→ **What the task requires**
Where the string "with" occurs in a line of the data below, that line should be copied.
··· Task material ···
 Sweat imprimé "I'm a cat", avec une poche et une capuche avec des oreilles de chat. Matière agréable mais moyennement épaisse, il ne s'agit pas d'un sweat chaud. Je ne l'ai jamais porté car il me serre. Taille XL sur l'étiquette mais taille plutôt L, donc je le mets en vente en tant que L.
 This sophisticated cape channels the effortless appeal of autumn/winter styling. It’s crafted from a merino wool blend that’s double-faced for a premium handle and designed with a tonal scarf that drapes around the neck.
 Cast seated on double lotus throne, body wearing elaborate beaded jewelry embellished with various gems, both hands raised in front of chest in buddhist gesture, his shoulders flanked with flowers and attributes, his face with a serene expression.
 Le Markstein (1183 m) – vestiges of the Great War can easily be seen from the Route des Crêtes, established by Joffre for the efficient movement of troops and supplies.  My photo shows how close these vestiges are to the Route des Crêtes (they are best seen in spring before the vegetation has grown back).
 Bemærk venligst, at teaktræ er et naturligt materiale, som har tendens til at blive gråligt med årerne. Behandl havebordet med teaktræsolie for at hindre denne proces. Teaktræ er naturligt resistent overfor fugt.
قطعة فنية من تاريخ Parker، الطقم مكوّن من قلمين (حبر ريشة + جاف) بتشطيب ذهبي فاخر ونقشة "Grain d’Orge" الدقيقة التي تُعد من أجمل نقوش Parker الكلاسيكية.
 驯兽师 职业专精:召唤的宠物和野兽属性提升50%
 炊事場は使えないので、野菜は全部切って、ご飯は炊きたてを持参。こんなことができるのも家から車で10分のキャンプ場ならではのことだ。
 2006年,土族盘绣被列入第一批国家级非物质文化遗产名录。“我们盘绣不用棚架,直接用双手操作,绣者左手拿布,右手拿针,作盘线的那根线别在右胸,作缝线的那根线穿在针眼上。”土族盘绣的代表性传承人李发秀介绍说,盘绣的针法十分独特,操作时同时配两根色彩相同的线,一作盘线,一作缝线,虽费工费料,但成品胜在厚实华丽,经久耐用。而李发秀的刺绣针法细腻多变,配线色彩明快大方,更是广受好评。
···
→ **Completed task**
 This sophisticated cape channels the effortless appeal of autumn/winter styling. It’s crafted from a merino wool blend that’s double-faced for a premium handle and designed with a tonal scarf that drapes around the neck.
 Cast seated on double lotus throne, body wearing elaborate beaded jewelry embellished with various gems, both hands raised in front of chest in buddhist gesture, his shoulders flanked with flowers and attributes, his face with a serene expression.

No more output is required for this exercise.